• _WORK INSTRUCTION_: In the data below, begin at the line with "国家能源集团泰州发电有限公司" and stop after the line with "1. Por mensajería"; output those lines exactly and no pictures.

• _DATA FOR REVIEW_:
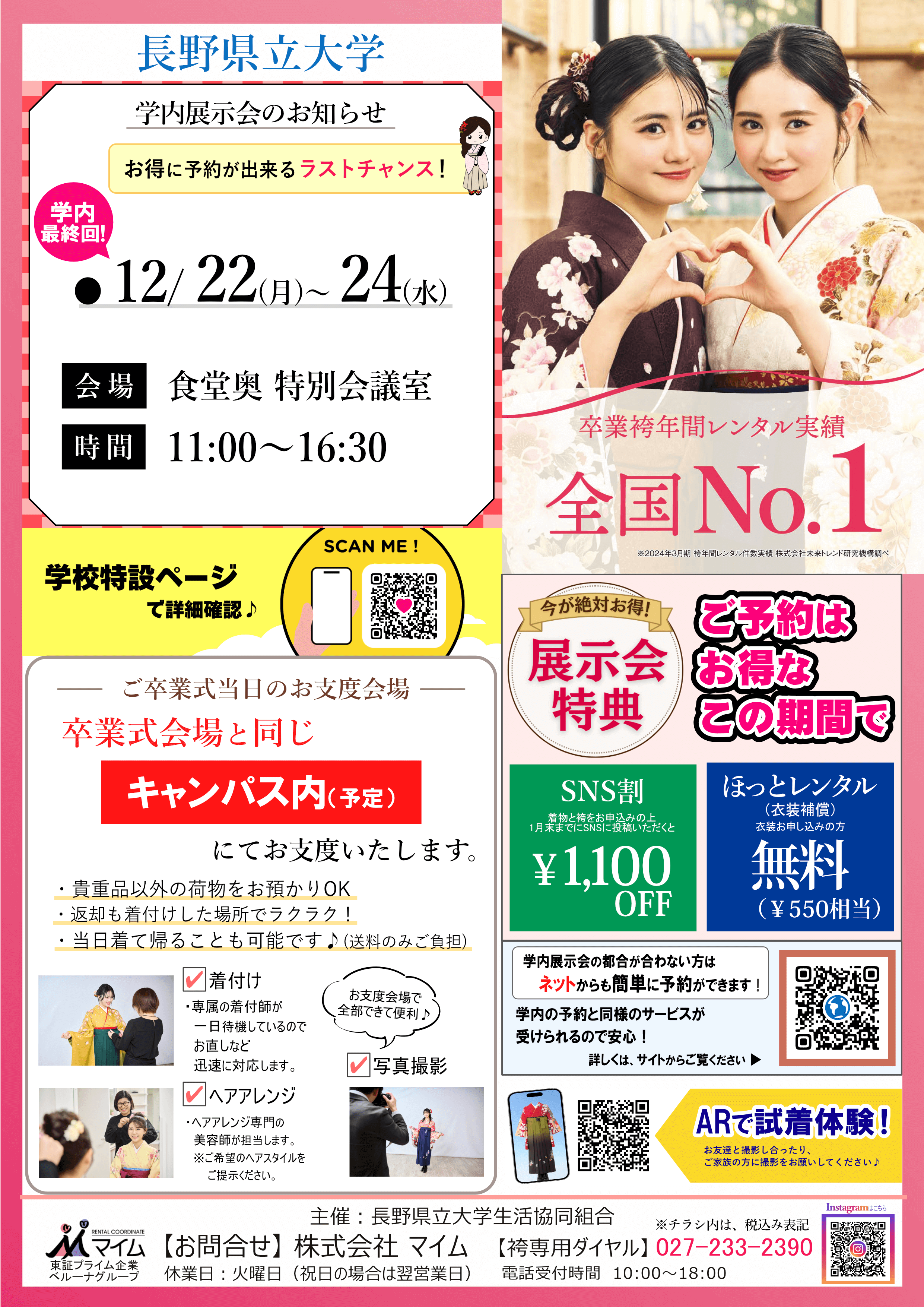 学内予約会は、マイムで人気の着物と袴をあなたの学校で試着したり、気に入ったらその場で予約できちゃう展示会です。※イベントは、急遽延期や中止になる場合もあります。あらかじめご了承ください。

...

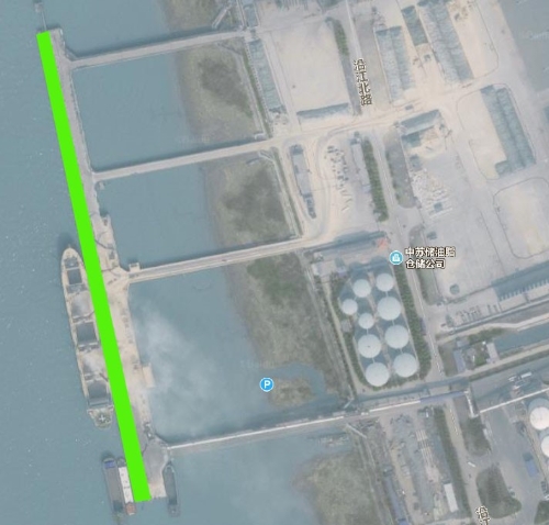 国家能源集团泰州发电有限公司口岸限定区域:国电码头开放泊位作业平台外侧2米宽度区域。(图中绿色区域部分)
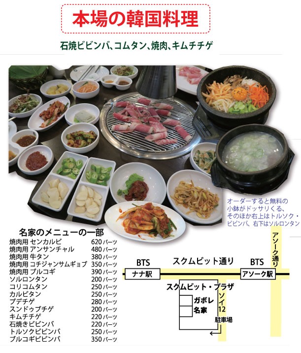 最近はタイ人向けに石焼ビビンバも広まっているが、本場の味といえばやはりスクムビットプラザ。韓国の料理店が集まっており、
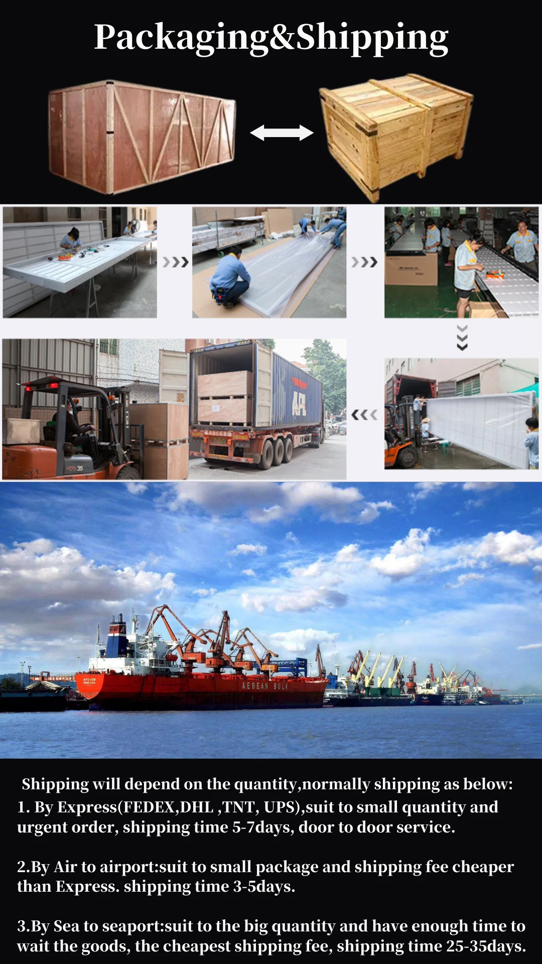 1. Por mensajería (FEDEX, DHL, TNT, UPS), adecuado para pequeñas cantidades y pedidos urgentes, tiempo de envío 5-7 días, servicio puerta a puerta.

• _OUTPUT BELOW_:
 国家能源集团泰州发电有限公司口岸限定区域:国电码头开放泊位作业平台外侧2米宽度区域。(图中绿色区域部分)
 最近はタイ人向けに石焼ビビンバも広まっているが、本場の味といえばやはりスクムビットプラザ。韓国の料理店が集まっており、
 1. Por mensajería (FEDEX, DHL, TNT, UPS), adecuado para pequeñas cantidades y pedidos urgentes, tiempo de envío 5-7 días, servicio puerta a puerta.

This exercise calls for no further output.